Cartridge Brass (Copper C260)
Copper C260 is a zinc-alloyed formulation with approximately 30% zinc with less than 1% lead and iron. This grade is sometimes referred to as cartridge brass thanks to its history of use in ammunition cartridges. Other common applications include rivets, hinges, and radiator cores.
Tensile Strength, Yield (MPa) | Fatigue Strength (MPa) | Elongation at Break (%) | Hardness (Brinell) | Density (g/cm^3) |
---|---|---|---|---|
Tensile Strength, Yield (MPa) 95 | Fatigue Strength (MPa) 90 | Elongation at Break (%) 65 | Hardness (Brinell) 54 | Density (g/cm^3) 8.53 |
* Generalized values. For reference only.

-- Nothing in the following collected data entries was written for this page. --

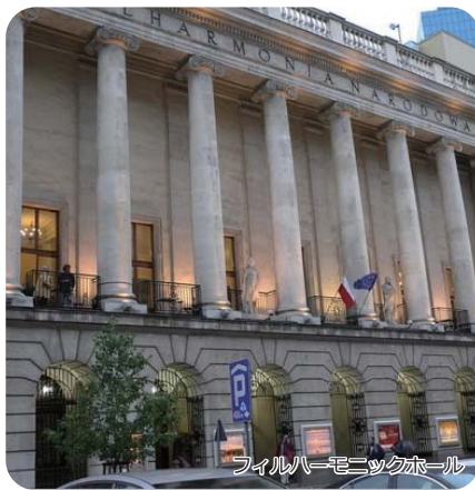
Fryderyk Chopin Music Hall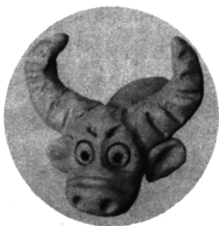
五、用工具扎出牛的眼、鼻、嘴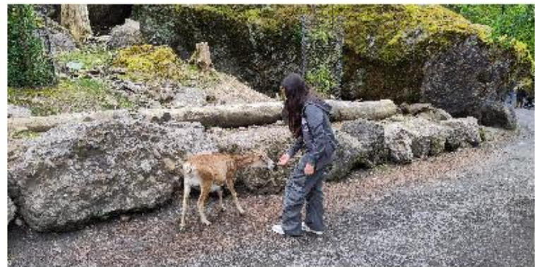
Ob Ausflüge in den Tierpark oder Europapark, kulturelle Erlebnisse wie Konzerte und Musicals oder Sportevents wie Fussballmatches – für alle ist etwas dabei.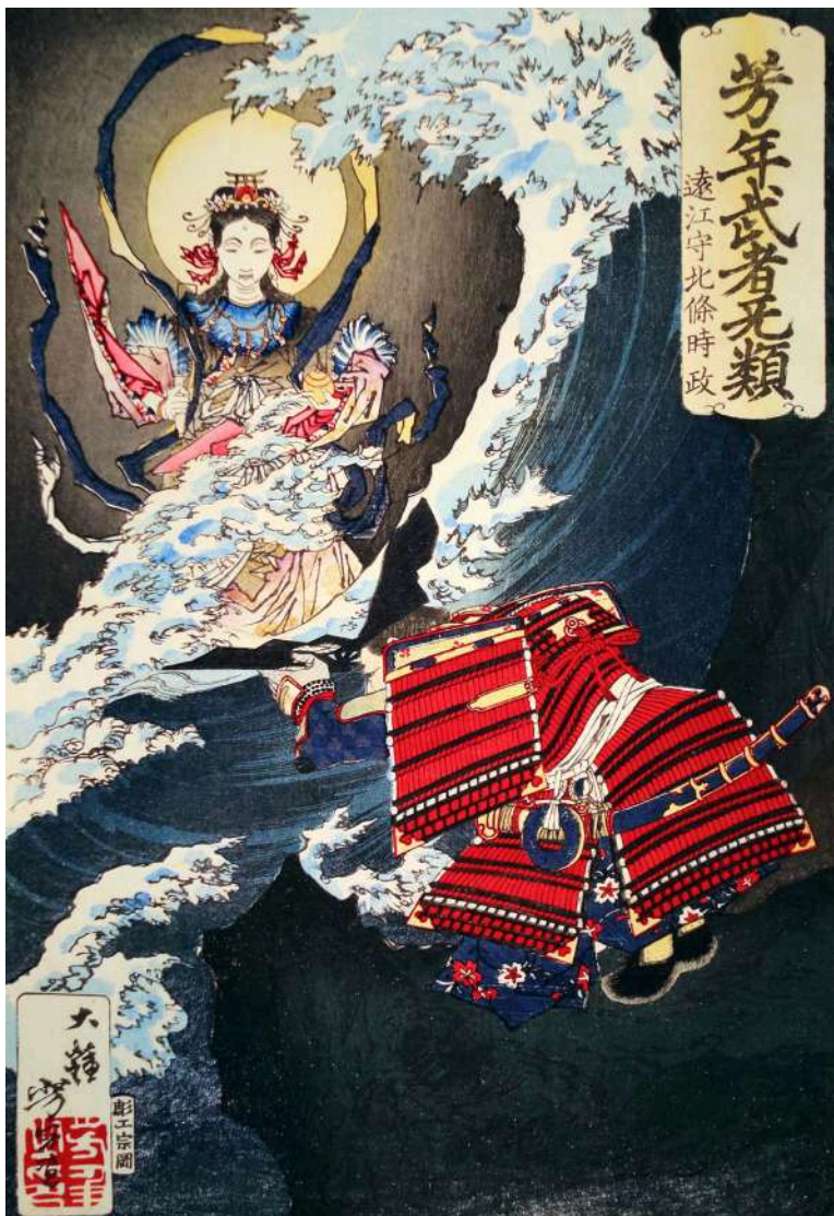
つきおかよしとし よしとし むしゃ ぶるい とおとうみのかみほうじょうときまさ 月岡芳年「芳年武者无類 遠江守北條時政」

この絵にはひざをついたお侍さんと嵐みたい 高い波の間に浮かぶ不思議な女性が描か ね。じつはお侍さんは北条時政っていう人で、女 性は江島神社にまつられている女神の弁財天なん だ！ この絵は北条時政が江の島の岩屋に「一族が将 来もずっと続きますように」ってお参りしたら、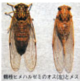
鶴枝ヒメハルゼミのオス(左)とメス

八幡山と呼び丘陵地がその発生地で国の天然記念物に指定。体長は約27mmくらいで、わが国のセミの中では最小とい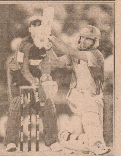
இதில் ஹடரிச் 52 பந்துகளில் (11 பவுண்டரிகள் ஒரு சிக்ஸர் உட்பட) 75 ஓட்டங்களையும் ஆட்டமிழக்காமல் யுவராஜ் சிங் 29 பந்துகளில் (3 பவுண்டரிகள் 2 சிக்ஸர்கள் உட்பட) 40 ஓட்டங்களும் எடுத்தனர்.

பதிலுக்கு 20 ஓவர்களில் 159 ஓட்டங்களை எடுத்தால் வெற்றி என்ற இலக்குடன் துடுப்பெடுத்தாடிய கிங்ஸ் லெவின் பஞ்சாய் அணி, ஹடரிச்சின் சிறப்பான ஆட்டத்தின் மூலம், 19.3 ஓவர்களில் 6 விக்ரெட்டுக்களை இழந்து 162 ஓட்டங்களை எடுத்து 4 விக்ரெட்டுக்களால் வெற்றி பெற்றது.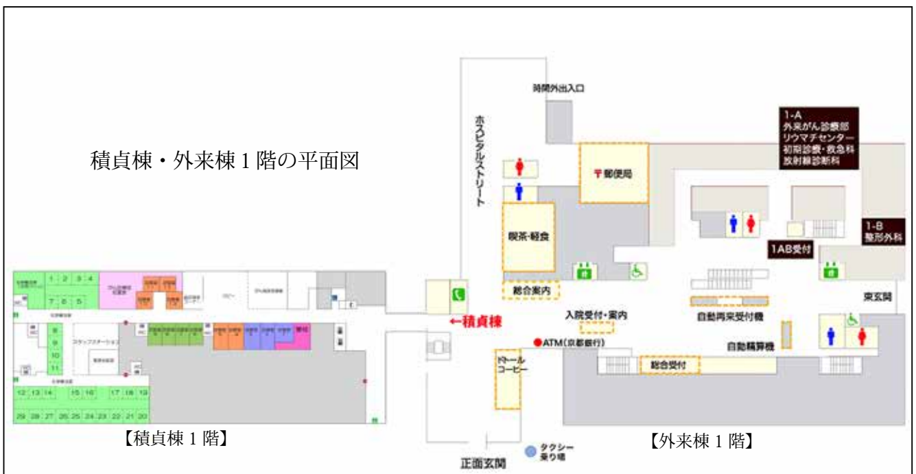
【積貞棟 1 階】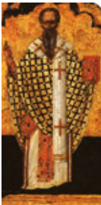
Άγιος Διονύσιος ο Αρεοπαγίτης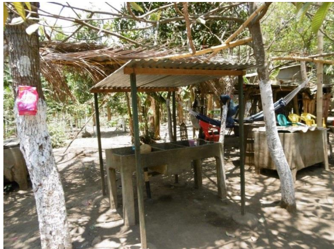
Visita familia beneficiaria (techado lavadero)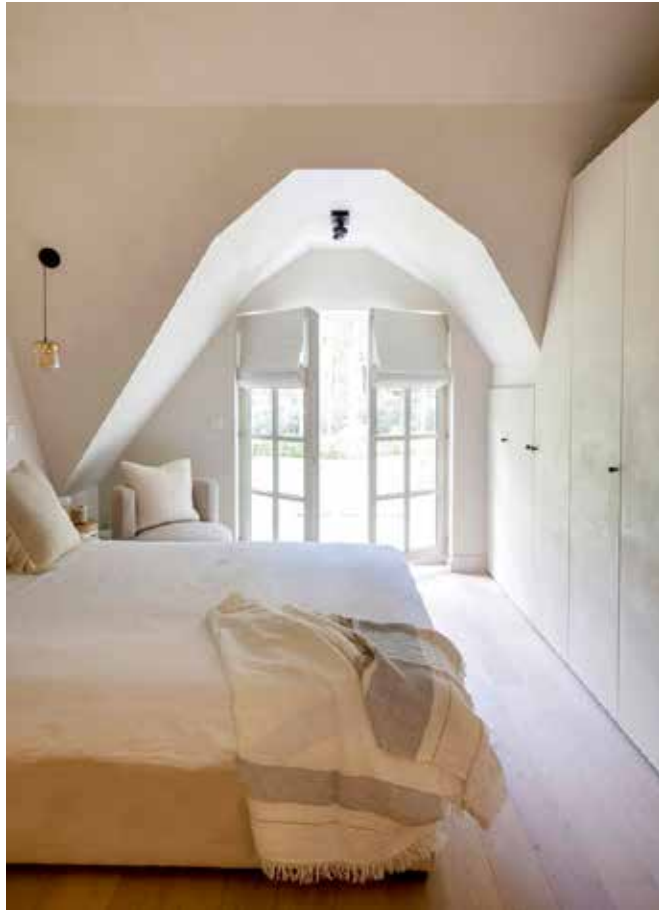
Het bed, bedlinnen en het draaibare stoeltje komen van Scapa Home, de plaid van Libeco Home (alles via Maison Lie).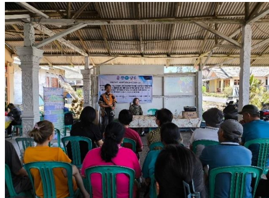
Gambar 5. Pelatihan sistem smart farming

farming secara mandiri. Hal ini mencerminkan peningkatan keterampilan teknis dalam menggunakan teknologi yang sebelumnya belum mereka kuasai.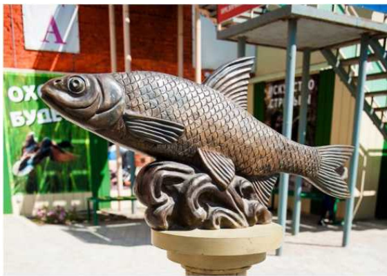
Фото. Памятник вобле

Во бла (лат. Rutilus caspicus ) – вид лучепёрых рыб семейства карповых.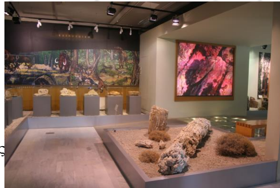
Ναυτικό Μουσείο Οινούσες

Δράσεις ενημέρωσης για πρόσφυγες πραγματοποιούνται στις εγκαταστάσεις του και το υπαίθριο Πάρκο Απολιθωμένου Δάσους Σιγρίου. Απευθύνονται σε ασυνόδευτους ανηλίκους, σε οικογένειες προσφύγων και ενηλίκους που φιλοξενούνται σε δομές της Λέσβου. Παρουσίαση με οπτικοακουστικό υλικό, με αναπαραστάσεις και πλούσιο φωτογραφικό υλικό, καθώς και την προφορική ενημέρωση από το επιστημονικό προσωπικό του Μουσείου, με παραστατικό τρόπο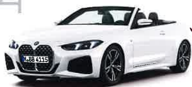
New BMW 420i Cabriolet M Sport

8速スポーツAT 2ドア右ハンドル ボディカラー/アルビノ・ホワイイト 7,760,000円 全長×全幅×全高: 4,775×1,850×1,395mm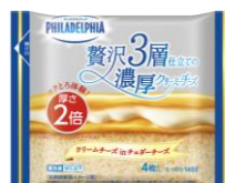
フィラデルフィア 贅沢3層仕立ての濃厚クリーミーチーズ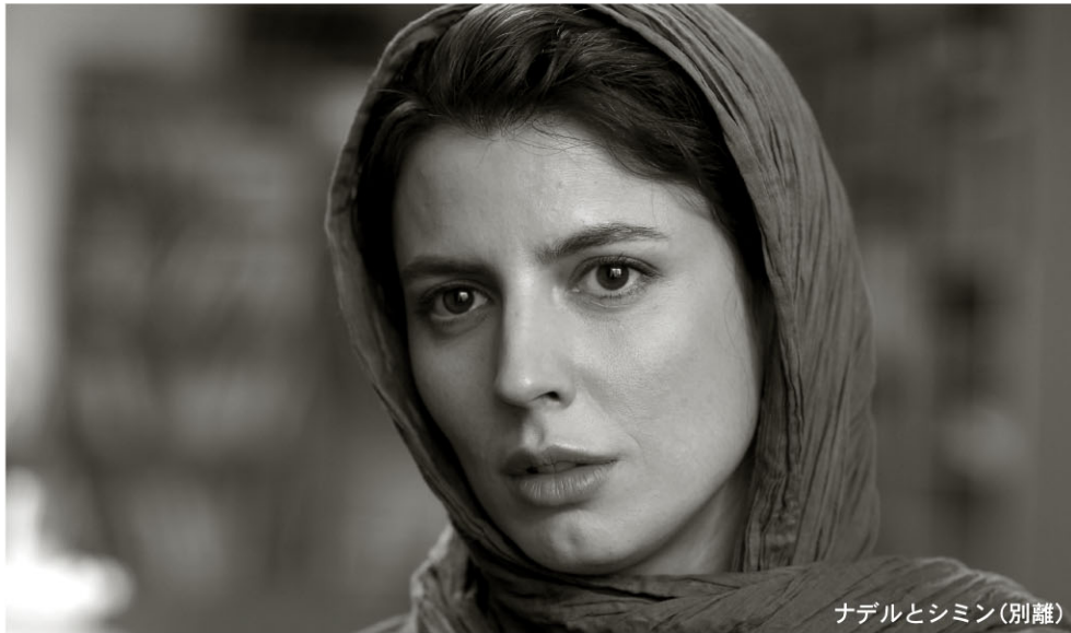
ナデルとシミン(別離)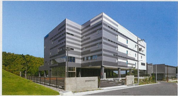
■ 宮野医療器株式会社岸和田物流拠点新築工事（大阪府）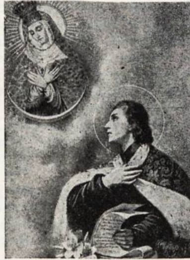
Šv. Kazimierai, melskis už mus ir kankinamą Lietuvą!

pasakyti nors žodį už Kristų, ateikite gi čia ir pasakykite.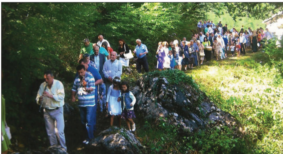
Αναχώρηση από την Αγία Παρασκευή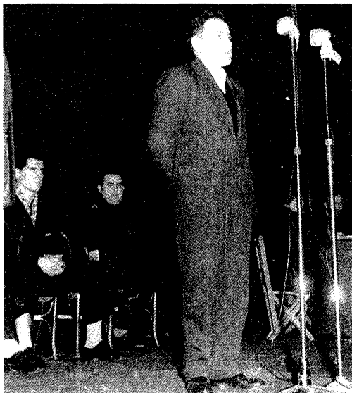
Mugarategi Donostiako txapelketan Atzean, Azpillaga eta Mitxelena

Nar: Ni Donostian oso gutxitan izana naiz oraindikan. Biotz barrendik gaur'e ez daukat etortako damurikan. Neure denboran eztet ikusi onelako lorerikan... Gaur mundu ontan ez da izango leku ederragorikan.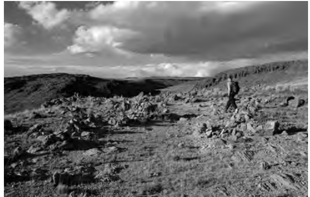
Figura 3: La cresta al frente del Cerro Jichja Parco, donde se encuentra el camino prehispánico y muchas sayhuas.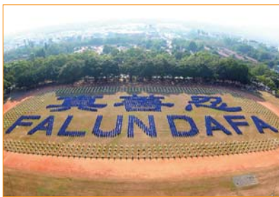
Hơn 3.000 học viên Pháp Luân Công cùng xếp chữ “Chân-Thiện-Nhẫn” và “Pháp Luân Đại Pháp” tại sân vận động thôn Trung Hưng, huyện Nam Đảo, Đài Loan.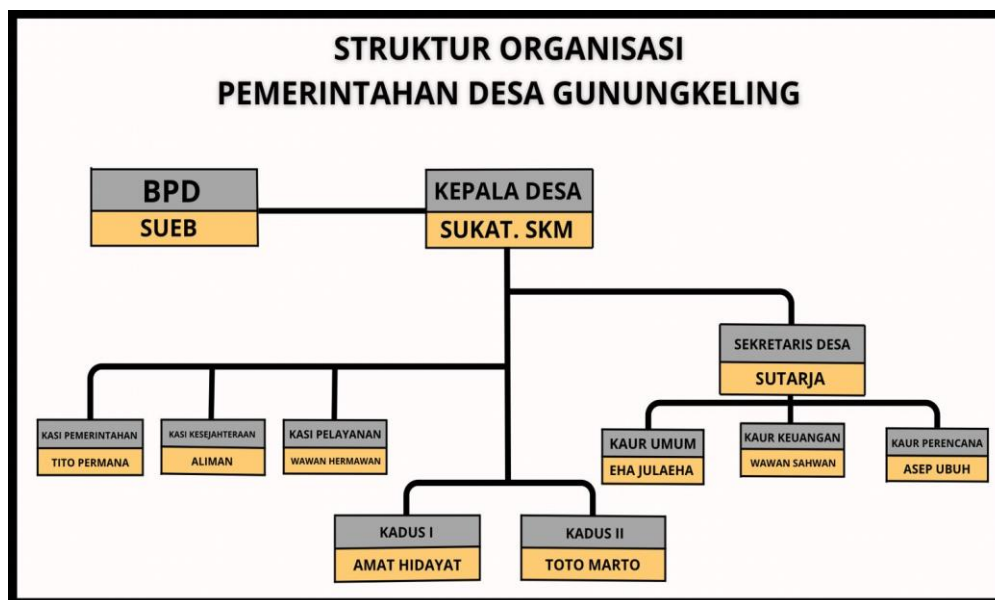
Gambar 3. 2 Struktur Organisasi Pemerintah Desa Gunungkeling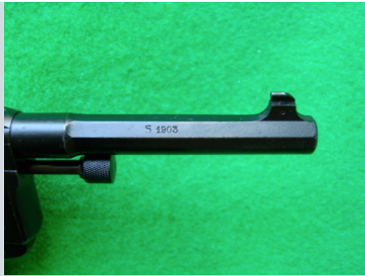
Poçons de contrôle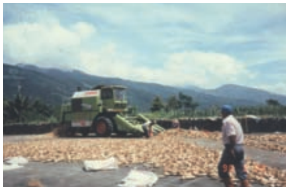
民國88年長良墾區機械玉米脫粒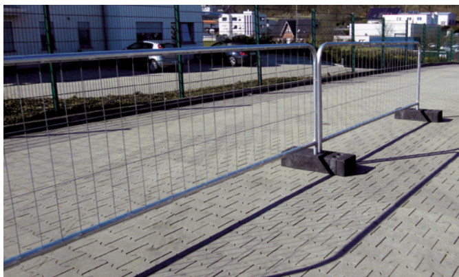
Mobilzaun Typ Event.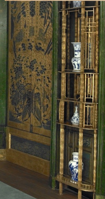
Paví pokoj, od J M Whistlera, 1876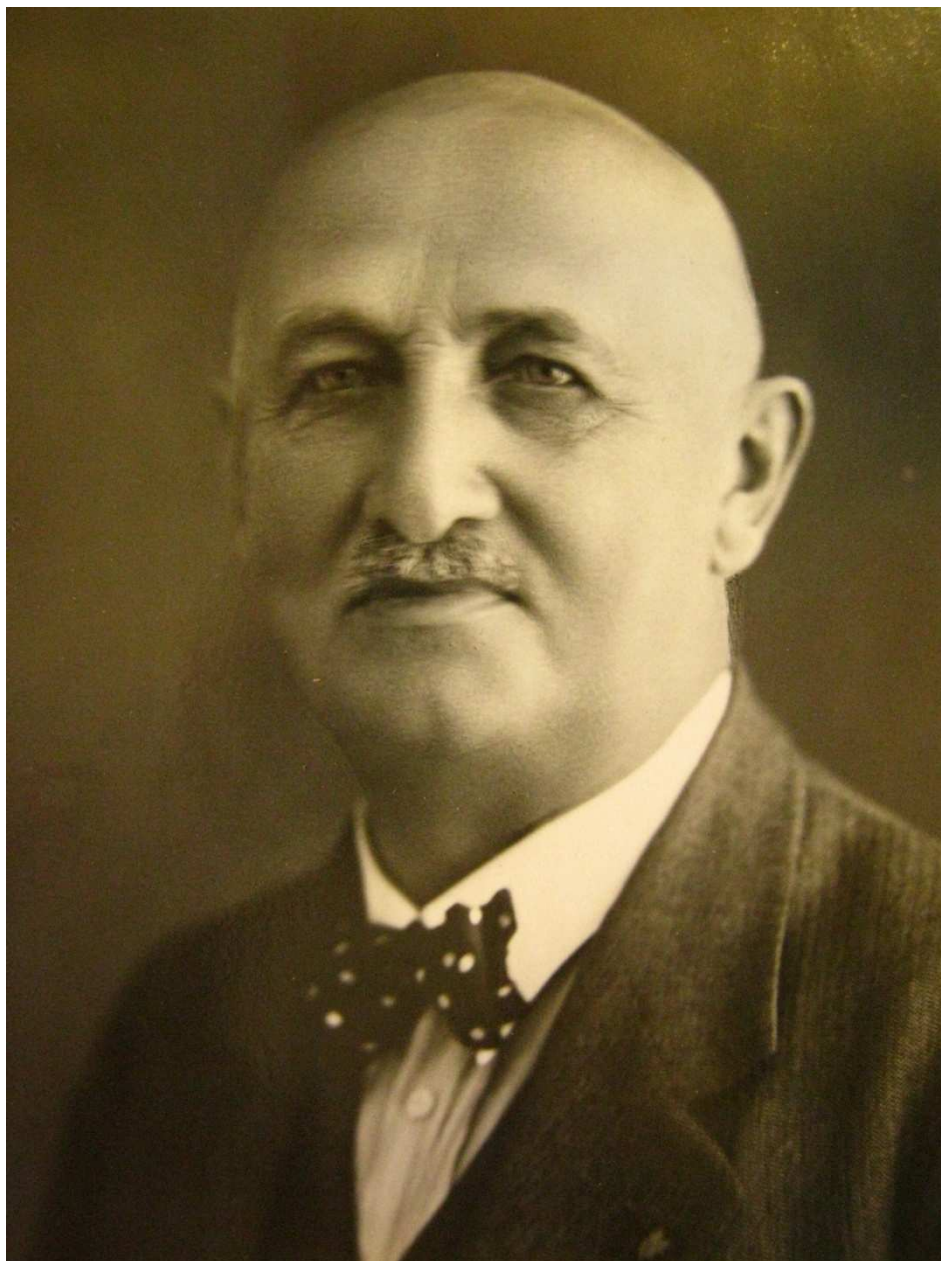
Příloha č. 1 – portrétní fotografie 1 140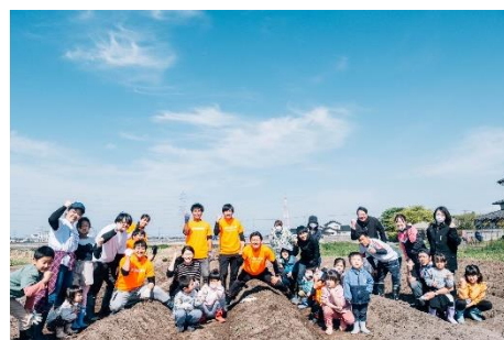
アグリスポーツに参加した子どもたち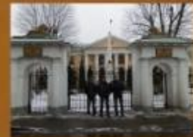
У ворот Армянского посольства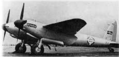
O De Havilland Mosquito, um dos ícones da 2ª Guerra Mundial, foi um dos aviões voados pelos brasileiros na República Dominicana.

Free-Cutting Brass (Copper C360)
Copper C360, also referred to as free-cutting brass, is highly machinable due to the relatively high amount of lead in the alloy. Typical applications include gears, screw machine parts, and valve components.
Tensile Strength, Yield (MPa) | Fatigue Strength (MPa) | Elongation at Break (%) | Hardness (Brinell) | Density (g/cm^3) |
---|---|---|---|---|
Tensile Strength, Yield (MPa) 124 to 310 | Fatigue Strength (MPa) 138 | Elongation at Break (%) 53 | Hardness (Brinell) 63 to 130 | Density (g/cm^3) 8.49 |
* Generalized values. For reference only. Values vary greatly depending on temper.
Finishes and Post-Processing Options
Like stainless steel or copper, brass is often left uncoated due to its inherent conductivity, corrosion resistance, and low friction coefficient. However, clear coating is considered if the application is cosmetic and the part is exposed to the elements. Listed below are some useful surface finishes for CNC machined brass.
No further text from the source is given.